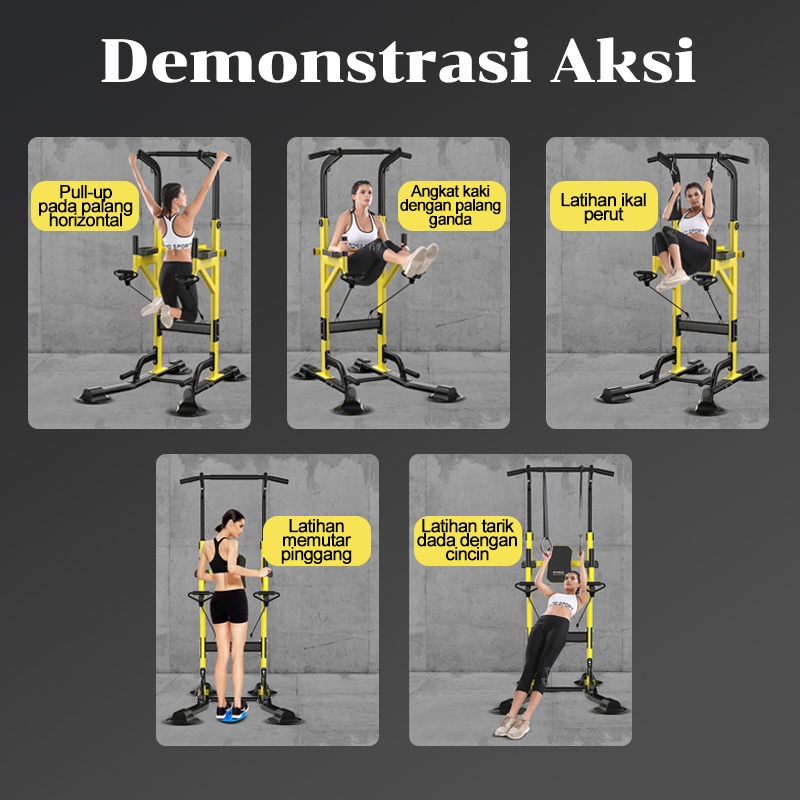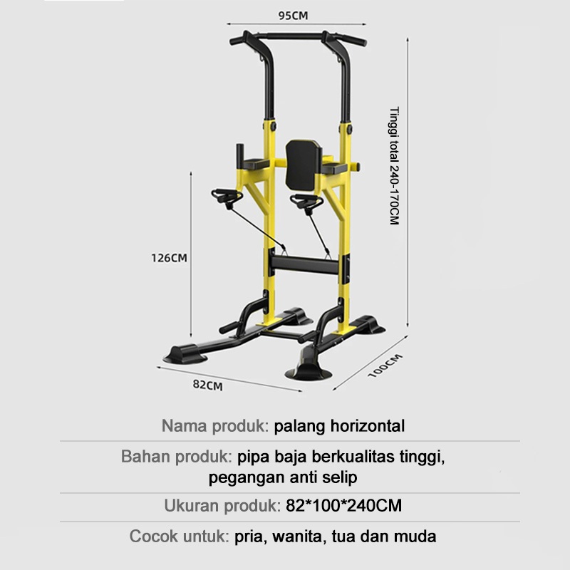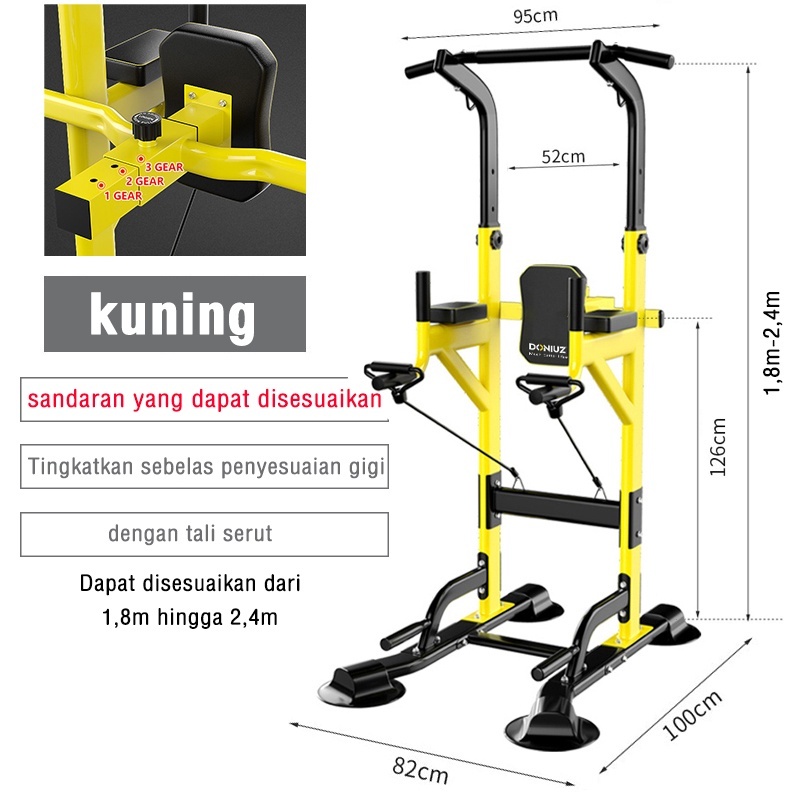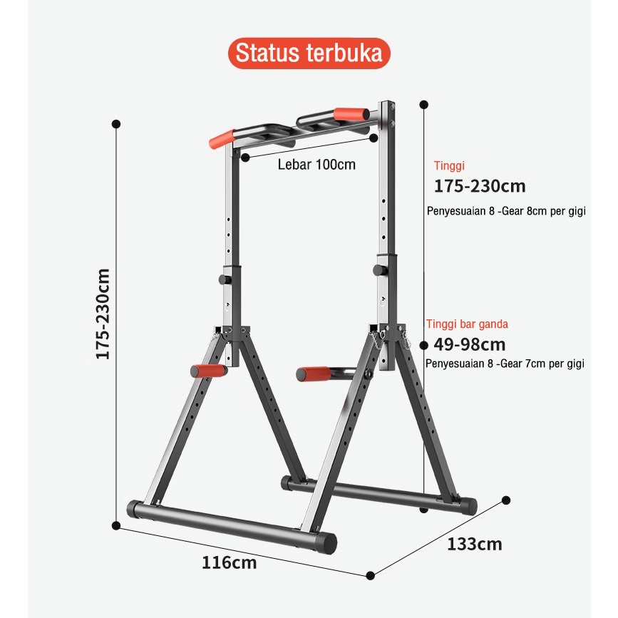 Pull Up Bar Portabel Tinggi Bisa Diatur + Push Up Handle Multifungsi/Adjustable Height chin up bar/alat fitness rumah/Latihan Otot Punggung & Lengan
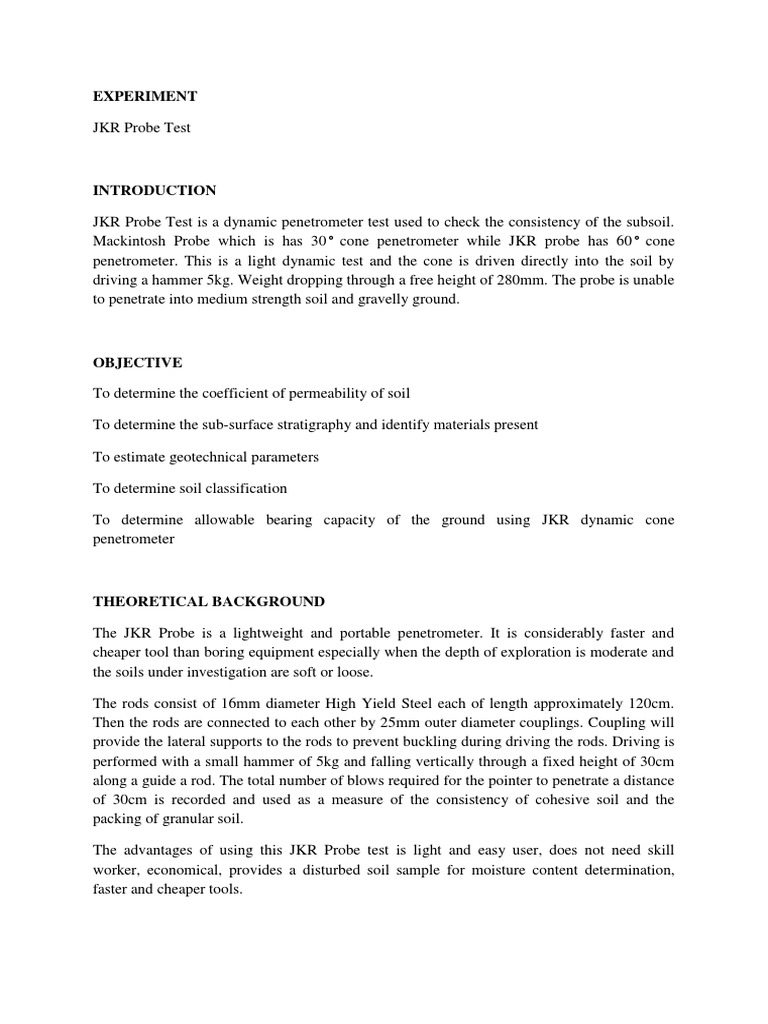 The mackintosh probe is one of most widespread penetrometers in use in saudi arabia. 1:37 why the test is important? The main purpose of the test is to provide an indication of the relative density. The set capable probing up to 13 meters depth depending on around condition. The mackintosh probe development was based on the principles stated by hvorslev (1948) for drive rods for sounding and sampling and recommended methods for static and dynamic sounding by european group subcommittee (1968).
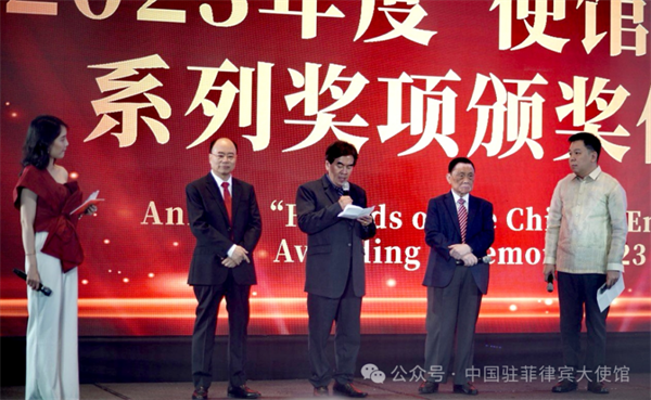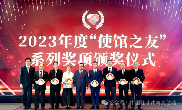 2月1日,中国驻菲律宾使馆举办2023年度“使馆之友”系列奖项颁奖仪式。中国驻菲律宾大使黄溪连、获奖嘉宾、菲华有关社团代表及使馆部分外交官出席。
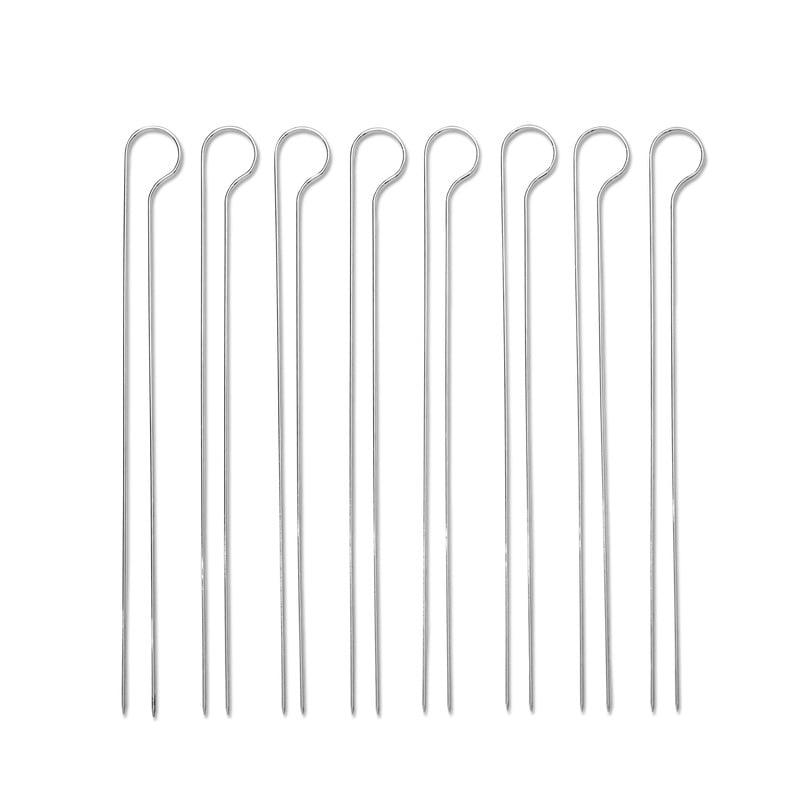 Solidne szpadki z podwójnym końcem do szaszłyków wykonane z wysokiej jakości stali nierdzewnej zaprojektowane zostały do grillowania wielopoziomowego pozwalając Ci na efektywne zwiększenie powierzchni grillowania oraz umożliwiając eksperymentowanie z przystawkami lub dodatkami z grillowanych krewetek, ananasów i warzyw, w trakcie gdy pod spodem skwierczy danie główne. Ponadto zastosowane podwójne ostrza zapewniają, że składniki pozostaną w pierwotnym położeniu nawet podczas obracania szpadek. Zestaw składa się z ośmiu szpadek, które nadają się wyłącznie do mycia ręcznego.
* * *
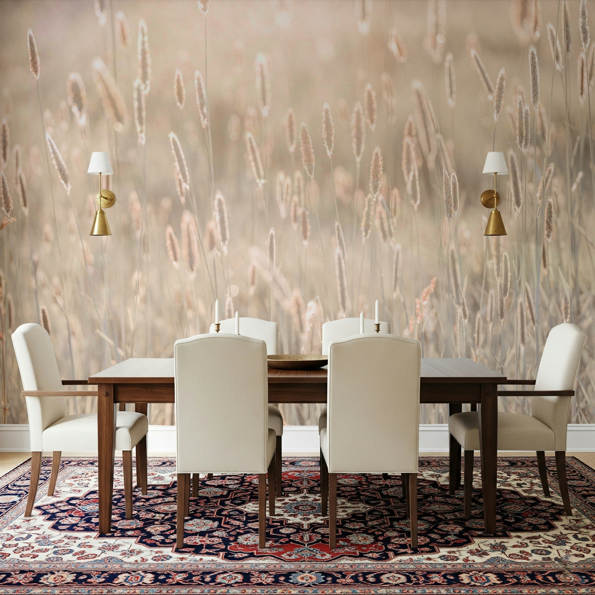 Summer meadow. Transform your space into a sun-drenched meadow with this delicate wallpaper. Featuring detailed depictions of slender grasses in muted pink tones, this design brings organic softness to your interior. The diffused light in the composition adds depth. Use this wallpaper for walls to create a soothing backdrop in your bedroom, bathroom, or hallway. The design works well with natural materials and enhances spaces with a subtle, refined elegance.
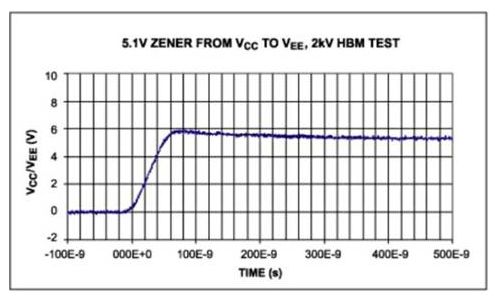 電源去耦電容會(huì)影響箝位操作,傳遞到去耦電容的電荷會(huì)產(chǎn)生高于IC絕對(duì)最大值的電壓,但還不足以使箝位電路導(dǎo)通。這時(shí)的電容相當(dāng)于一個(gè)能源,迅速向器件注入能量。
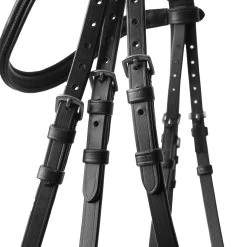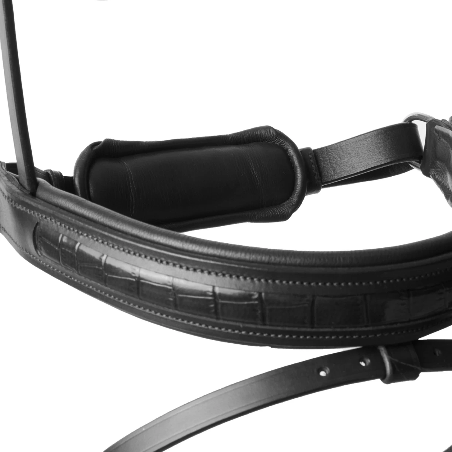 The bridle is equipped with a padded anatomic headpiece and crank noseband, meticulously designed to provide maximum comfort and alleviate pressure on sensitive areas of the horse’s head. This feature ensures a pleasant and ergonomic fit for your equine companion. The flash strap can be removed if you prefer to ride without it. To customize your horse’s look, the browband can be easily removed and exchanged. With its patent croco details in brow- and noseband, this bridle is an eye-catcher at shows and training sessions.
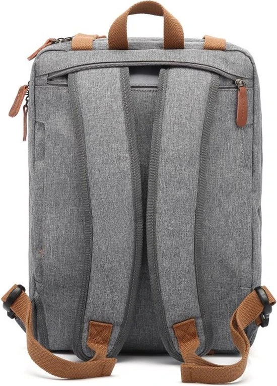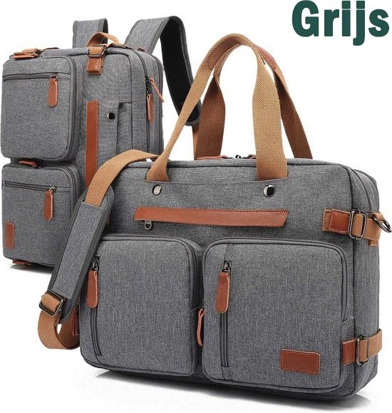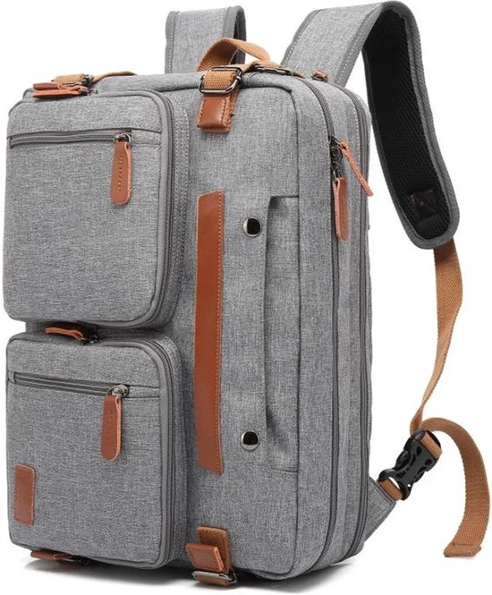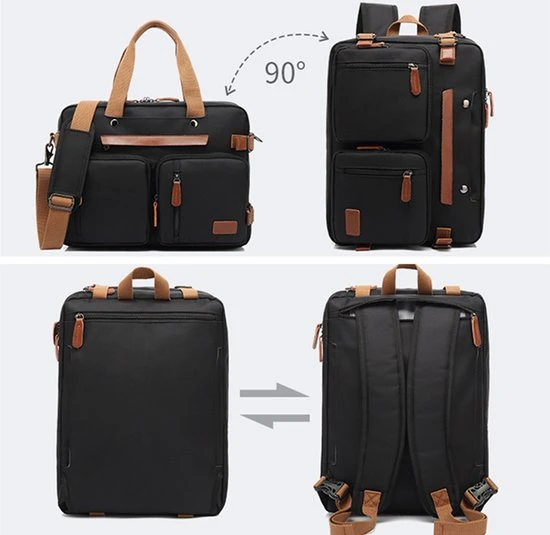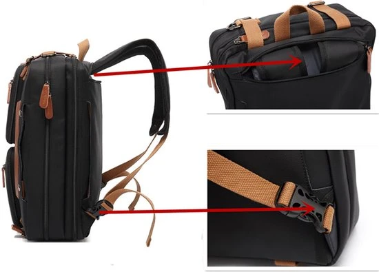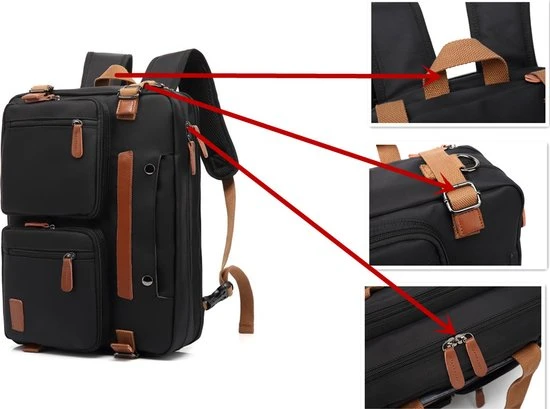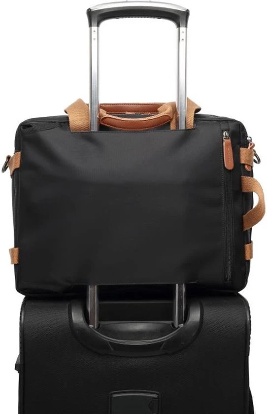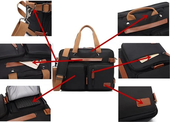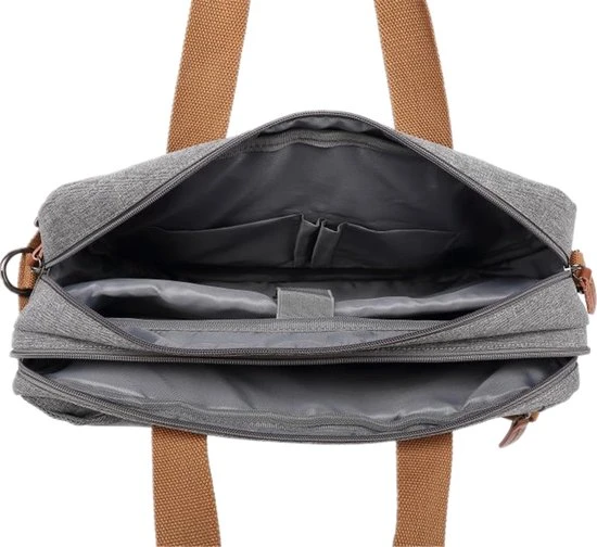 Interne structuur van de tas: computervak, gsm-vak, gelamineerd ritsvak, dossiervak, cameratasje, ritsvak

## Problem details:
Your copy should hold only the lines above from the one containing "The bridle is" through the one containing "Interne structuur van", exactly as written and free of pictures.

## Response to the task:
 The bridle is equipped with a padded anatomic headpiece and crank noseband, meticulously designed to provide maximum comfort and alleviate pressure on sensitive areas of the horse’s head. This feature ensures a pleasant and ergonomic fit for your equine companion. The flash strap can be removed if you prefer to ride without it. To customize your horse’s look, the browband can be easily removed and exchanged. With its patent croco details in brow- and noseband, this bridle is an eye-catcher at shows and training sessions.
 Interne structuur van de tas: computervak, gsm-vak, gelamineerd ritsvak, dossiervak, cameratasje, ritsvak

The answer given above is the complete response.